Dataset section START
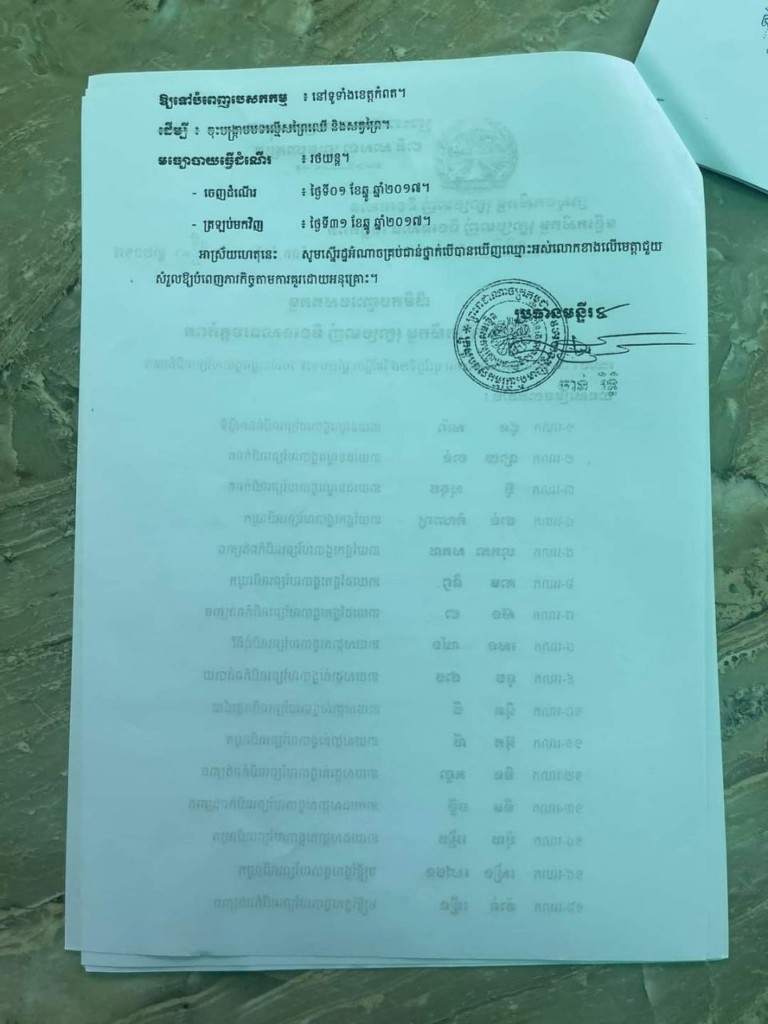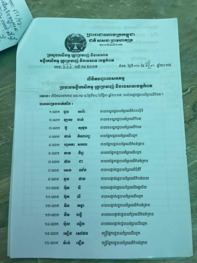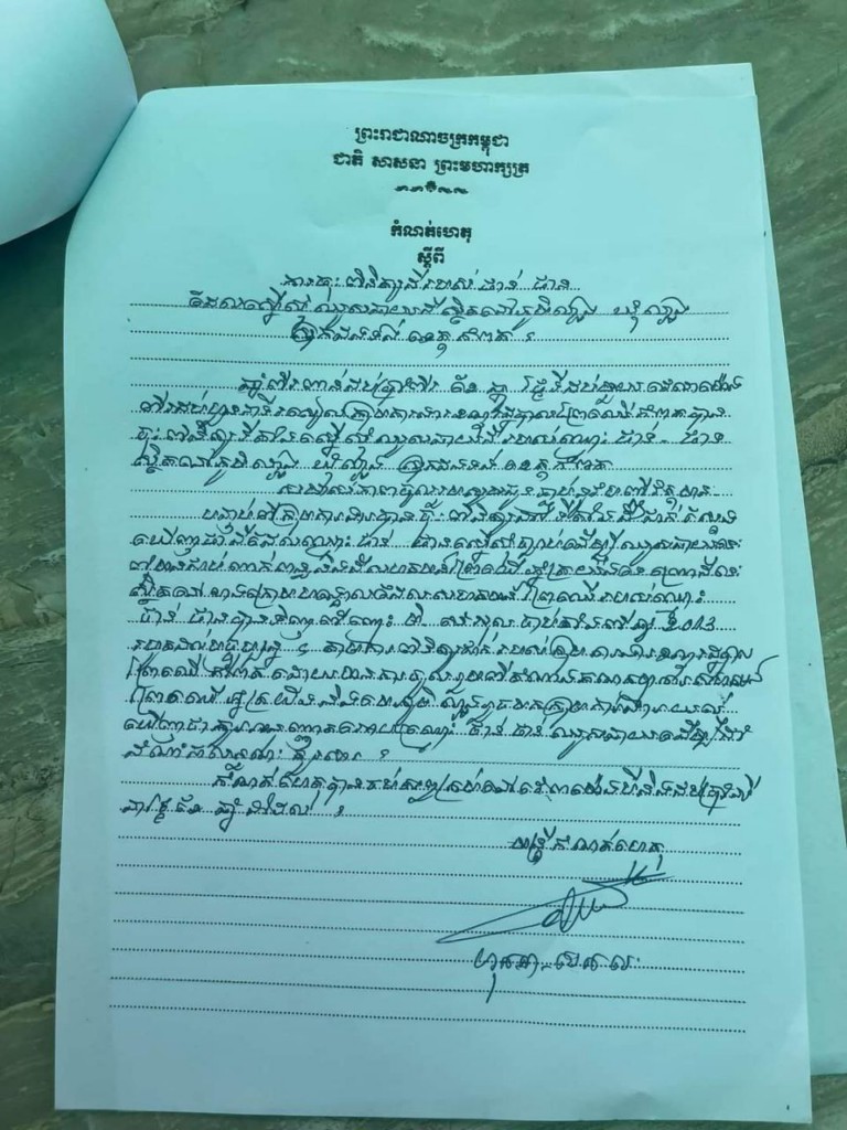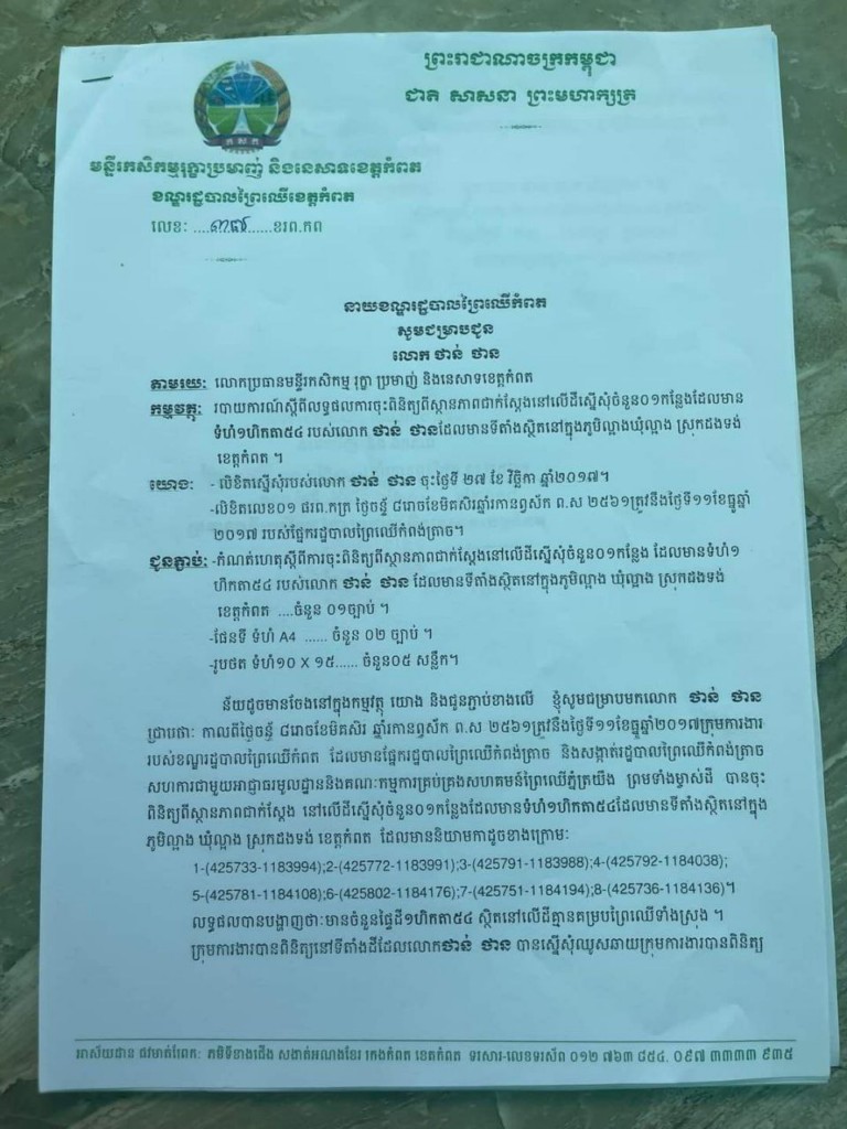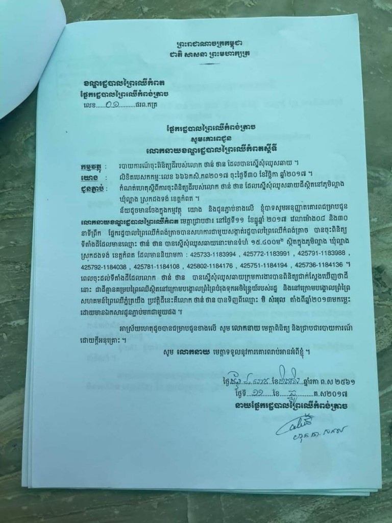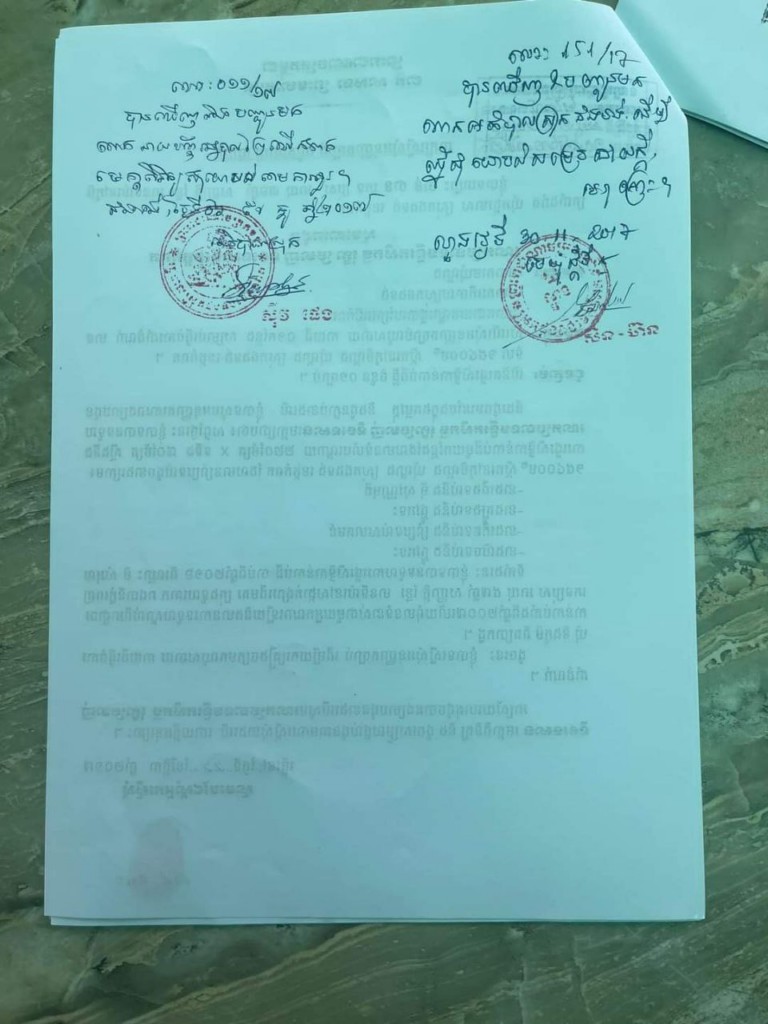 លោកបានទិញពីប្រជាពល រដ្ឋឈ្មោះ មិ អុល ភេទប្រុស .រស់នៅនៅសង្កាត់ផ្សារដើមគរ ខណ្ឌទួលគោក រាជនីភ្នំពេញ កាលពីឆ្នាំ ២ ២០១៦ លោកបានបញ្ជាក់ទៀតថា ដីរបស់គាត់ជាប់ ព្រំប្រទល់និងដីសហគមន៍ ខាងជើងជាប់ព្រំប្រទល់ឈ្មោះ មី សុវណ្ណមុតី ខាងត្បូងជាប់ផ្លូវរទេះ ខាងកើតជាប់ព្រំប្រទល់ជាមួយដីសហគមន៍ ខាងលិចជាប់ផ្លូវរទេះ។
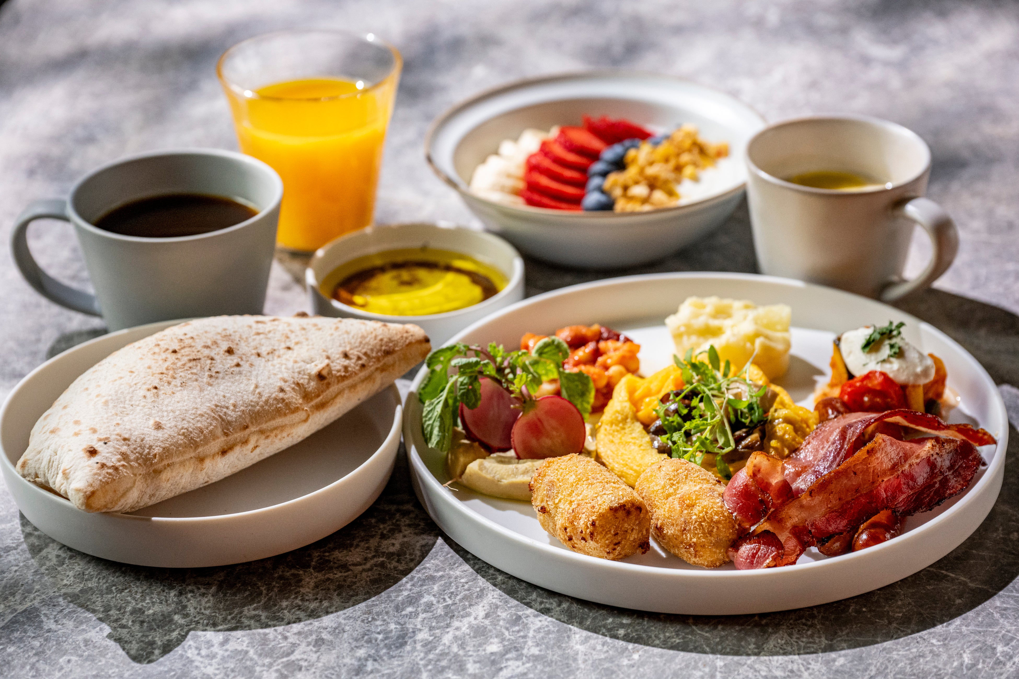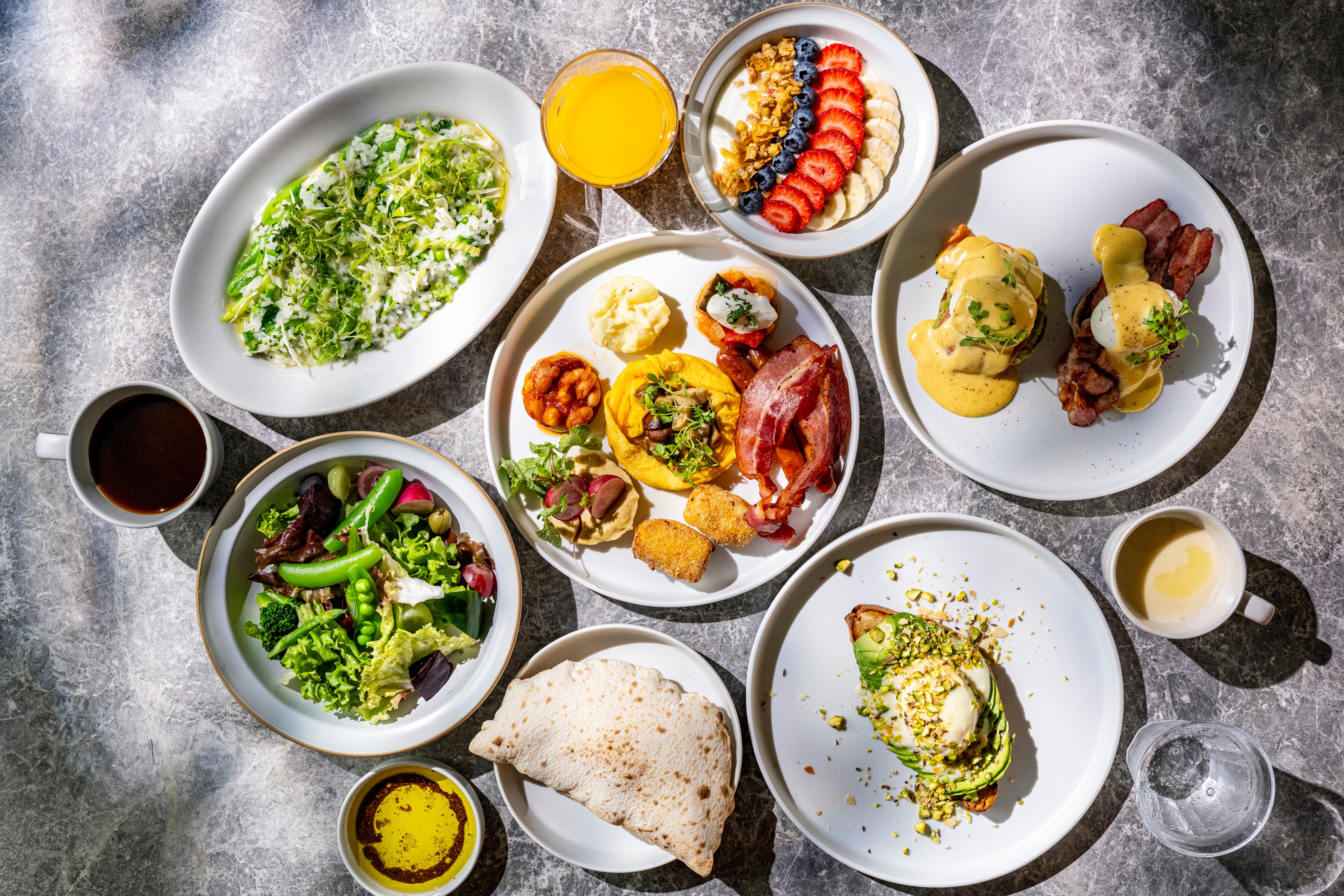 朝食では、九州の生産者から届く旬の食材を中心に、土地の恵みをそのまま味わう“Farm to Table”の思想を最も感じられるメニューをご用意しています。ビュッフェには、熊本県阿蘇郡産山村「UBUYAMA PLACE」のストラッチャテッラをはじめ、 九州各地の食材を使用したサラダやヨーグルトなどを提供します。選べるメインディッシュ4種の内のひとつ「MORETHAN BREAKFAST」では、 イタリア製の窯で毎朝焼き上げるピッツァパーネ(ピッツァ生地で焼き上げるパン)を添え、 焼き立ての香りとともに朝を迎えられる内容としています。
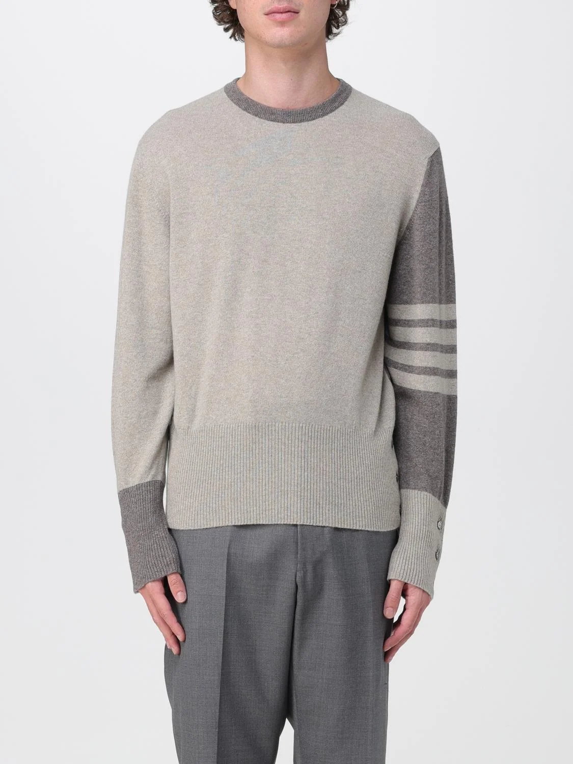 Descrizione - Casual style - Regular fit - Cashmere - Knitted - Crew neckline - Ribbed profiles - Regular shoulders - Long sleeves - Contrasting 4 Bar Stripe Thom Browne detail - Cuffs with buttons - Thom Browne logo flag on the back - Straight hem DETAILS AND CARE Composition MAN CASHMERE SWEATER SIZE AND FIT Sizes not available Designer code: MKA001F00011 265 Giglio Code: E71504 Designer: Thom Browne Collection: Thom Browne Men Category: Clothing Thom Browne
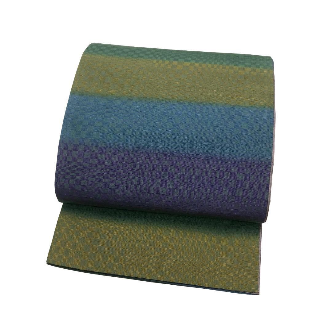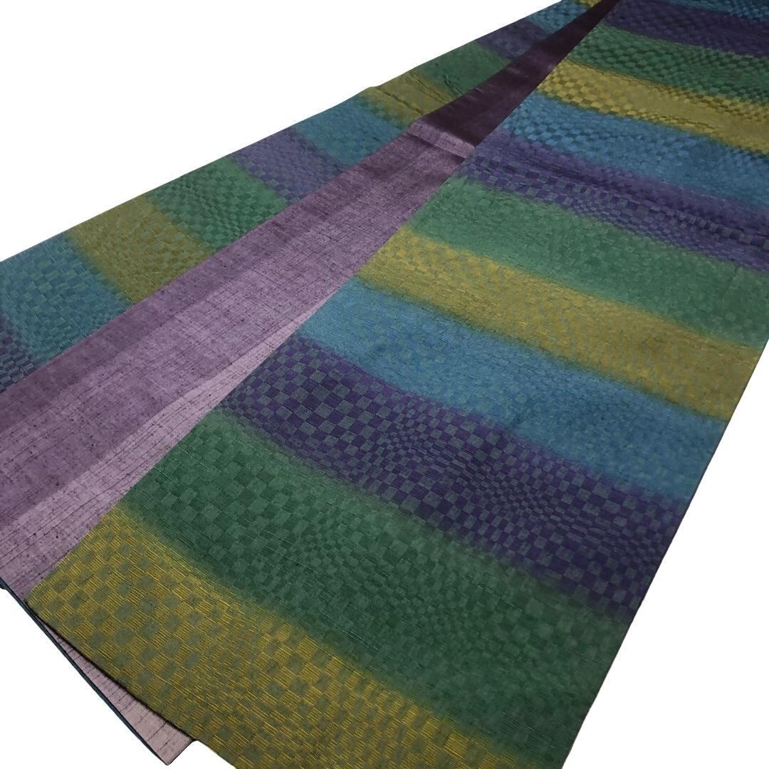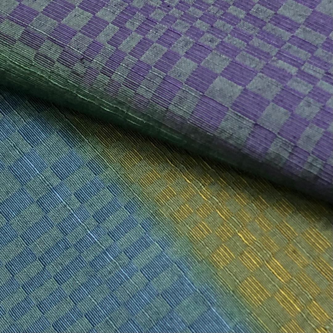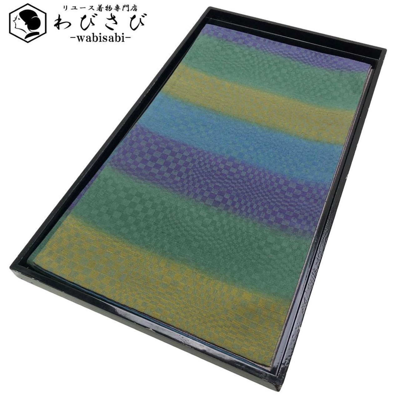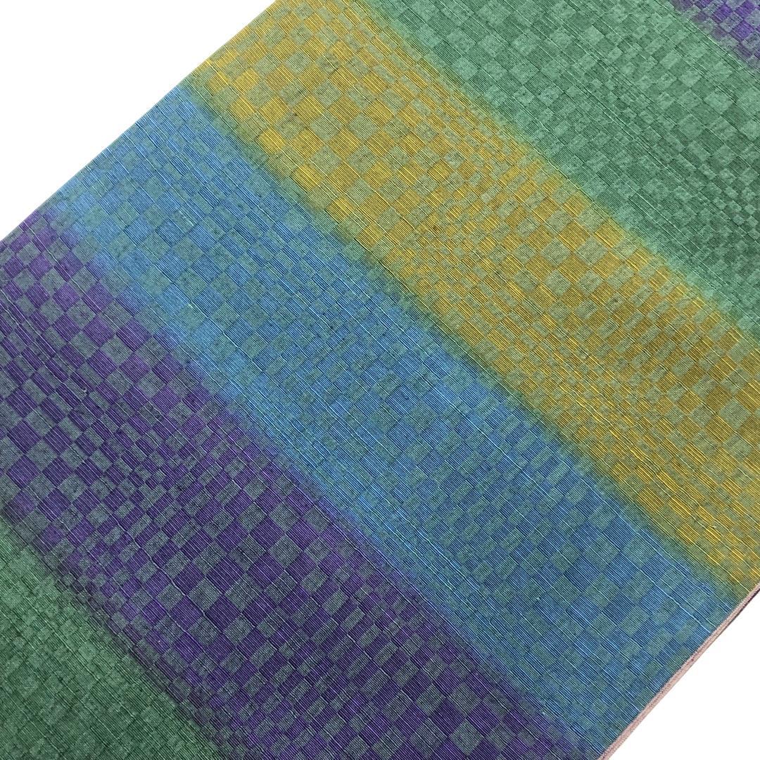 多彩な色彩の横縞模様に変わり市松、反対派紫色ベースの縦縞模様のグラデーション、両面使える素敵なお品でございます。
Dataset section END
» Task description: In your copy, include no pictures; print every line above exactly.

» Exercise solution:
 លោកបានទិញពីប្រជាពល រដ្ឋឈ្មោះ មិ អុល ភេទប្រុស .រស់នៅនៅសង្កាត់ផ្សារដើមគរ ខណ្ឌទួលគោក រាជនីភ្នំពេញ កាលពីឆ្នាំ ២ ២០១៦ លោកបានបញ្ជាក់ទៀតថា ដីរបស់គាត់ជាប់ ព្រំប្រទល់និងដីសហគមន៍ ខាងជើងជាប់ព្រំប្រទល់ឈ្មោះ មី សុវណ្ណមុតី ខាងត្បូងជាប់ផ្លូវរទេះ ខាងកើតជាប់ព្រំប្រទល់ជាមួយដីសហគមន៍ ខាងលិចជាប់ផ្លូវរទេះ។
 朝食では、九州の生産者から届く旬の食材を中心に、土地の恵みをそのまま味わう“Farm to Table”の思想を最も感じられるメニューをご用意しています。ビュッフェには、熊本県阿蘇郡産山村「UBUYAMA PLACE」のストラッチャテッラをはじめ、 九州各地の食材を使用したサラダやヨーグルトなどを提供します。選べるメインディッシュ4種の内のひとつ「MORETHAN BREAKFAST」では、 イタリア製の窯で毎朝焼き上げるピッツァパーネ(ピッツァ生地で焼き上げるパン)を添え、 焼き立ての香りとともに朝を迎えられる内容としています。
 Descrizione - Casual style - Regular fit - Cashmere - Knitted - Crew neckline - Ribbed profiles - Regular shoulders - Long sleeves - Contrasting 4 Bar Stripe Thom Browne detail - Cuffs with buttons - Thom Browne logo flag on the back - Straight hem DETAILS AND CARE Composition MAN CASHMERE SWEATER SIZE AND FIT Sizes not available Designer code: MKA001F00011 265 Giglio Code: E71504 Designer: Thom Browne Collection: Thom Browne Men Category: Clothing Thom Browne
 多彩な色彩の横縞模様に変わり市松、反対派紫色ベースの縦縞模様のグラデーション、両面使える素敵なお品でございます。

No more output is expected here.